Black Dynamite is your standard issue Blaxploitation hero. He’s a Vietnam vet. He knows Kung-fu. He’s a good guy, but has a bit of an edge. He certainly isn’t afraid to smack a woman. He hates drugs. Wants them off the street. His brother (who was undercover) is killed, bringing him back to town and vengeance is coming with him. This is basically the plot of many more serious movies. This is absolutely not a serious movie. Black Dyanmite takes all those notes and plays them to the absurdist, comedic hilt. Drug-addicted orphans, gangsters, thugs, government agents, a machine gun-wielding doughnut, Kung-fu Island, and a conspiracy that goes all the way to the most The Man any possible The Man could be in the mid-70s.
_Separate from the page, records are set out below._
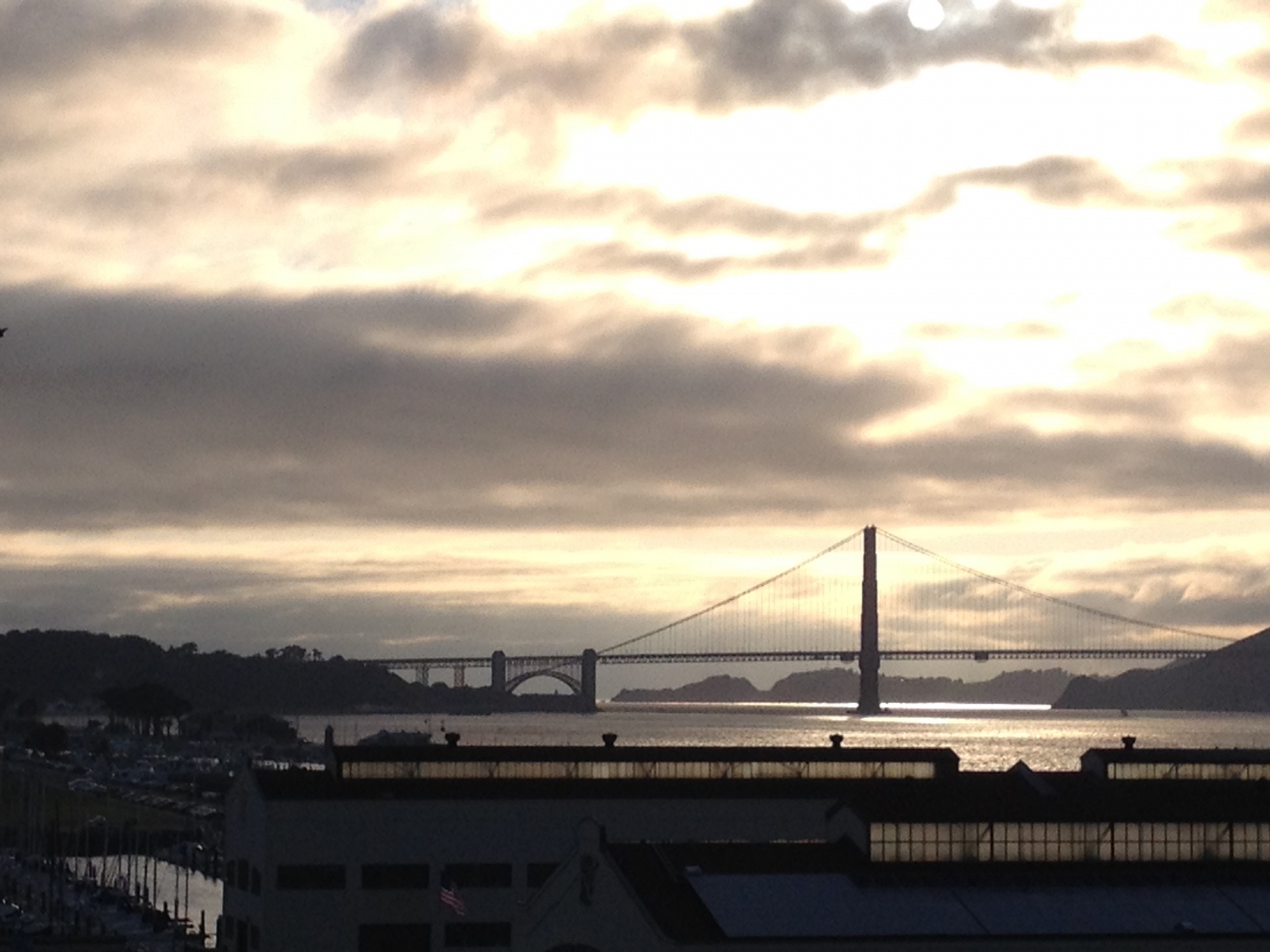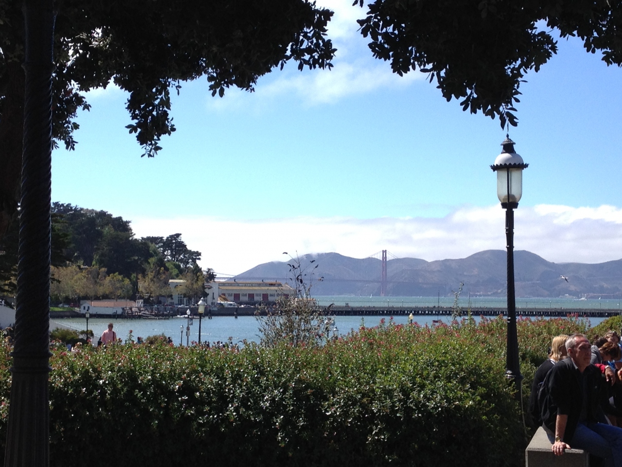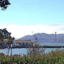 サンフランシスコといえばゴールデンゲートブリッジの景色ははずせないところ。フォートメイソンから北西側にみえる景色を楽しみました。幸い天気もよく、青い海と空に赤い橋がきれに映えて、見応えのある風景が目の前に展開。きれいでした。マリーナの坂をのぼったところからの風景も、より大きく橋がみえてお勧めです。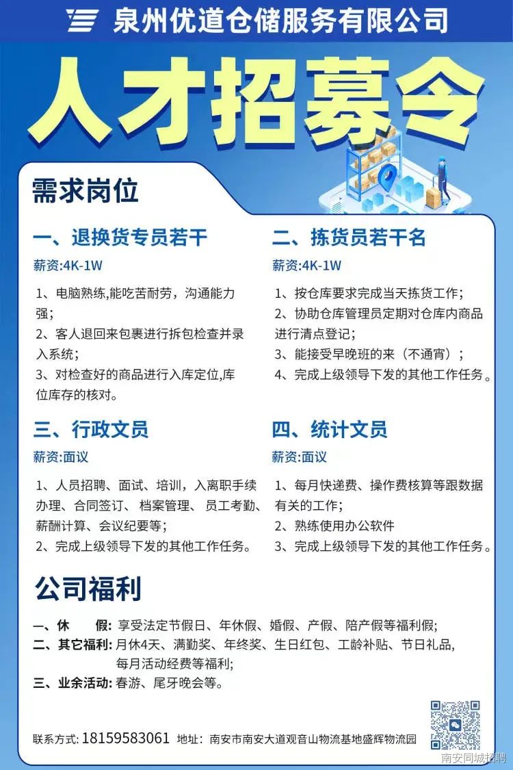 ▼ 【骑手/司机/送货/物流/快递/分拣/装卸】 优道仓储因业务量大,现需招聘以下岗位: 招统计文员1名,薪资范围4-4.5k; 招拣货员,退换货专员等若干人,薪资范围4k-1w左右,有意向者可电联咨询。 联系电话☎ 18159583061(微信同号) 地址:南安大道观音山物流基地盛辉物流园4号楼 (18159583061:18159583061)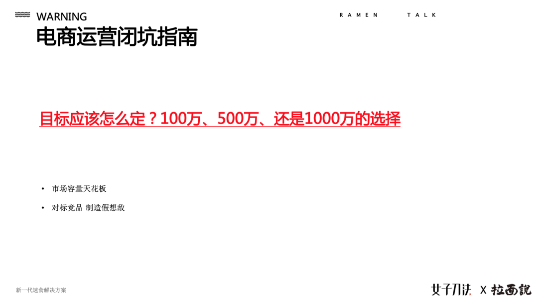 在这个阶段,拉面说在线上线下都获得了一系列数据。九一认为,在选定渠道和货品之后,如果想要确定月度的业绩目标,一定需要洞察市场容量的天花板。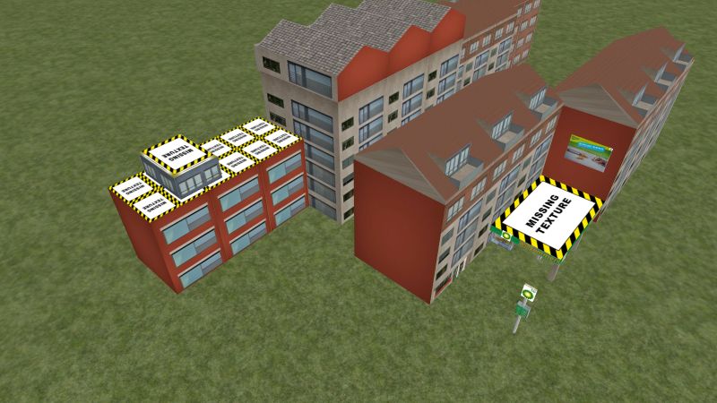 Ich versuchte unter dem Dach meiner Tankstelle (siehe unten) einen Schatten zu erstellen. Nach dem, was ich hier gelesen habe, habe ich in 3DC eine Ebene mit der .tga Datei erstellt (mit Alpha Kanal) – 24 Bit, außen dunkel, innen hell (mit so einem Graustufenverlauf); shader: BlendATexDiff.
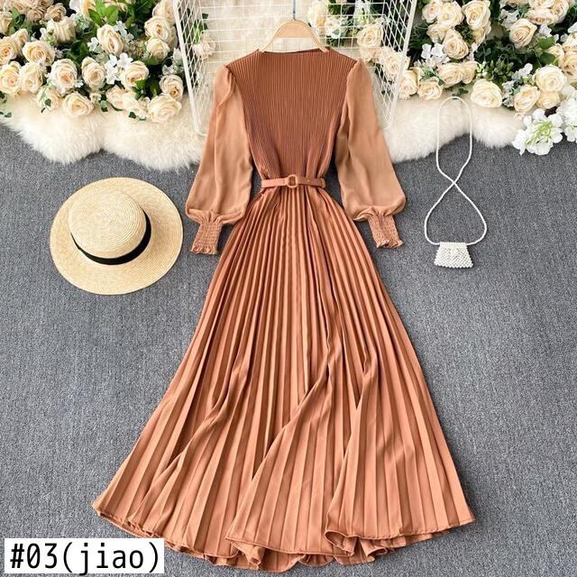 ドレス女性スリムウエスト A ラインパッチワークフェイク 2 ランタンスリーブロングプリーツドレス Vestidos ローブ Aライン asa51763460260

Abraham Lincoln’s ghost even lends a hand. Some might see that as the film giving up the ghost. Me? I give it up for said ghost. (sorry, I'll see myself out ...)

Black Dynamite is a pitch perfect spoof. A good movie (with a drink or two in me I might even argue great) masking expertly as a bad one. You have to truly love your subject to make something as silly as this and the creators (Black Dynamite himself, Michael Jai White included) clearly know it and love it. Similarly, you have to be a good actor to credibly pull off being a bad actor and White takes that on with aplomb, with his exaggerated facial contortions that go right to the line of too much before hitting the breaks. There’s a willingness to let lines just hang in the air for protracted beats that just solidify the joke. Sanders pulls out all the stops — shoddy edits, mismatched film stock, poor special effects, cliched dialogue and montages and flashbacks. If you wanted to pick nits (I don’t but will for the sake of discussion), you could say it almost literally loses the plot about mid-way through giving up on its funny but relatively grounded level of spoofing for a series of more ridiculous escalations. The first time I saw this movie, I almost did a spit take when the ultimate villain pulls out his nunchucks. I did not see that coming. Though, in retrospect, why they hell not? I love how out there it truly goes. Messy for sure. But messy with mission.

We watched Hollywood Shuffle a few months back. This is clearly something that wouldn’t exist in the world were it not for Robert Townsend’s satire (not to mention Keenan Ivory Wayans’ I’m Gonna Git You Sucka). The direct line is there. This is the evolution. Same principles, but a more modern execution and, admittedly, sense of humor. Hollywood Shuffle was a little retrograde in parts.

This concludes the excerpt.